Below are some records. Return exactly their lines from the one containing "敲門行動,情暖到寢。9月14" through the one containing "7月6日,福建省第十六届运动", and drop the pictures.

DATA LISTING »
:::::
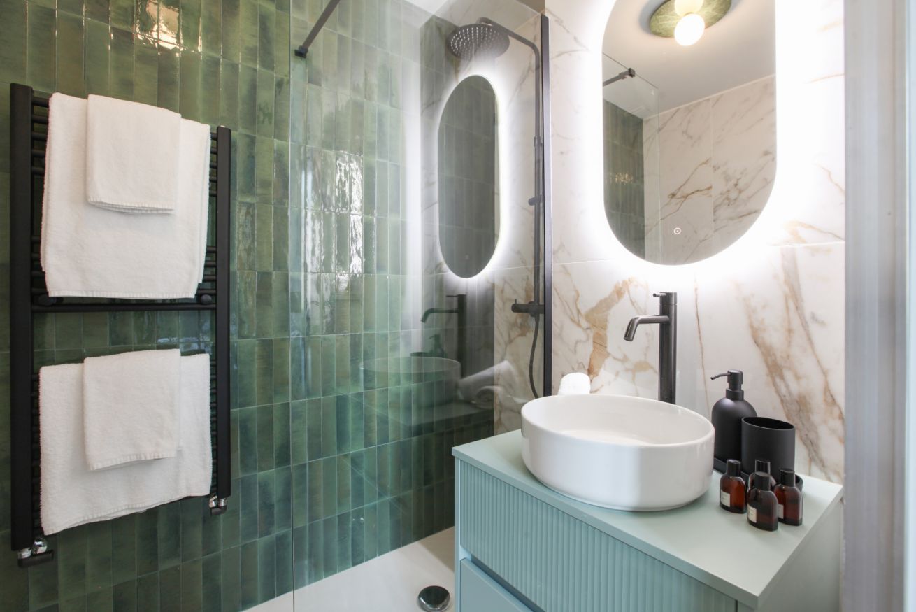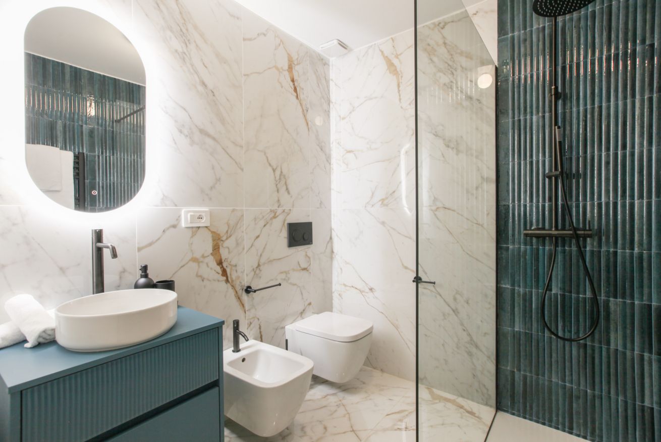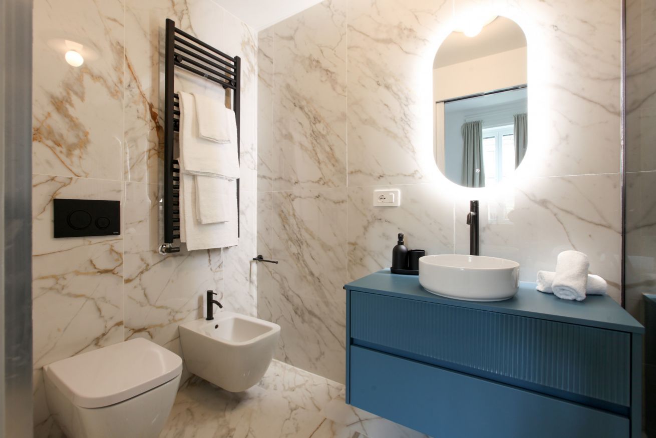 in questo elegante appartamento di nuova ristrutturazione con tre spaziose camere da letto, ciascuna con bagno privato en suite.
:::::
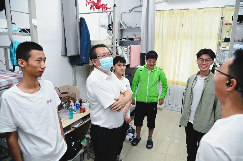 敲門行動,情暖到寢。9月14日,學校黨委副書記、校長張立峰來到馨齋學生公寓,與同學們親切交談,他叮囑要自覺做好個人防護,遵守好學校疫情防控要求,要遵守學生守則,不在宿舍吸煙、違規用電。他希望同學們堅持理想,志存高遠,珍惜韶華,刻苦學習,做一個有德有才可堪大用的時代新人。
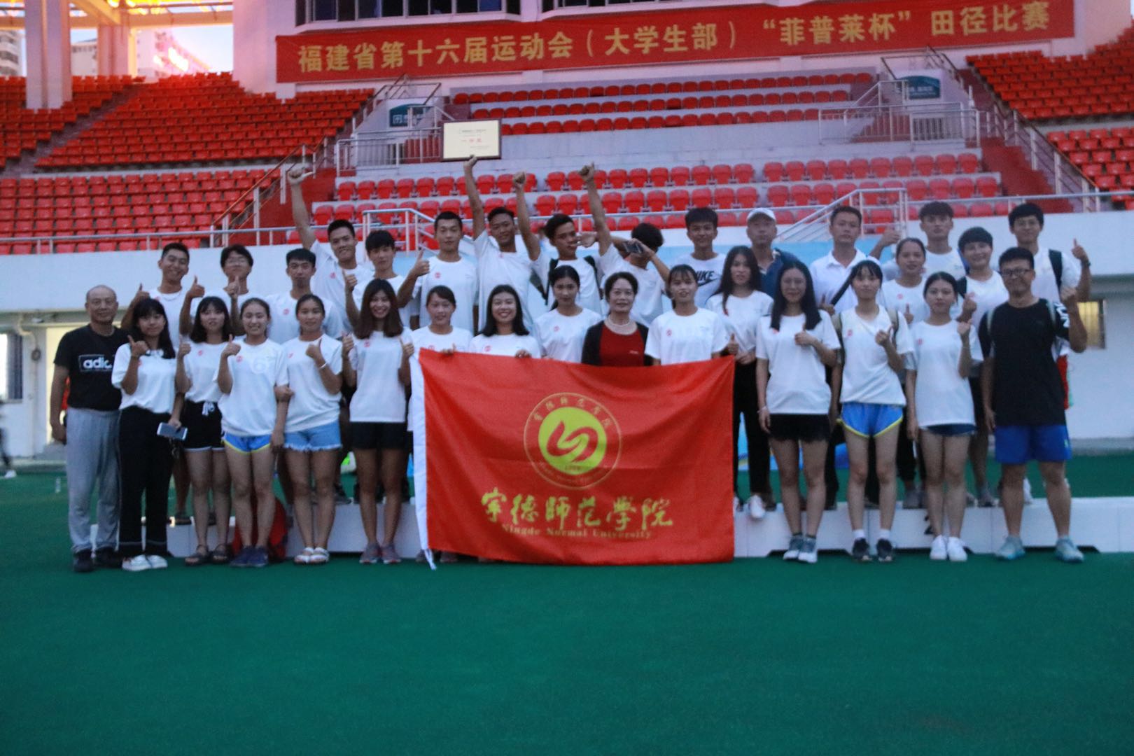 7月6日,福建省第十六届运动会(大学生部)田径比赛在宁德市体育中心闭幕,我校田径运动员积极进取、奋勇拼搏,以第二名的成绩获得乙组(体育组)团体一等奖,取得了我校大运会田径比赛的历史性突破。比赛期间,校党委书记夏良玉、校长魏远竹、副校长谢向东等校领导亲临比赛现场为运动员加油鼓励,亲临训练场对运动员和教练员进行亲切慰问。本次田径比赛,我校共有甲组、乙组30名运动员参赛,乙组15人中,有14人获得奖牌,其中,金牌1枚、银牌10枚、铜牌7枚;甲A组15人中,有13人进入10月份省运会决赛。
:::::
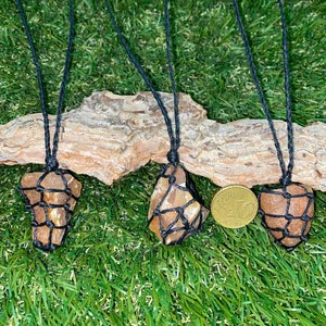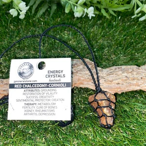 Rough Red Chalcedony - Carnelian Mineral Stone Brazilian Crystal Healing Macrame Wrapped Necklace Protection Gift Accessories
:::::
RESULT BELOW »
 敲門行動,情暖到寢。9月14日,學校黨委副書記、校長張立峰來到馨齋學生公寓,與同學們親切交談,他叮囑要自覺做好個人防護,遵守好學校疫情防控要求,要遵守學生守則,不在宿舍吸煙、違規用電。他希望同學們堅持理想,志存高遠,珍惜韶華,刻苦學習,做一個有德有才可堪大用的時代新人。
 7月6日,福建省第十六届运动会(大学生部)田径比赛在宁德市体育中心闭幕,我校田径运动员积极进取、奋勇拼搏,以第二名的成绩获得乙组(体育组)团体一等奖,取得了我校大运会田径比赛的历史性突破。比赛期间,校党委书记夏良玉、校长魏远竹、副校长谢向东等校领导亲临比赛现场为运动员加油鼓励,亲临训练场对运动员和教练员进行亲切慰问。本次田径比赛,我校共有甲组、乙组30名运动员参赛,乙组15人中,有14人获得奖牌,其中,金牌1枚、银牌10枚、铜牌7枚;甲A组15人中,有13人进入10月份省运会决赛。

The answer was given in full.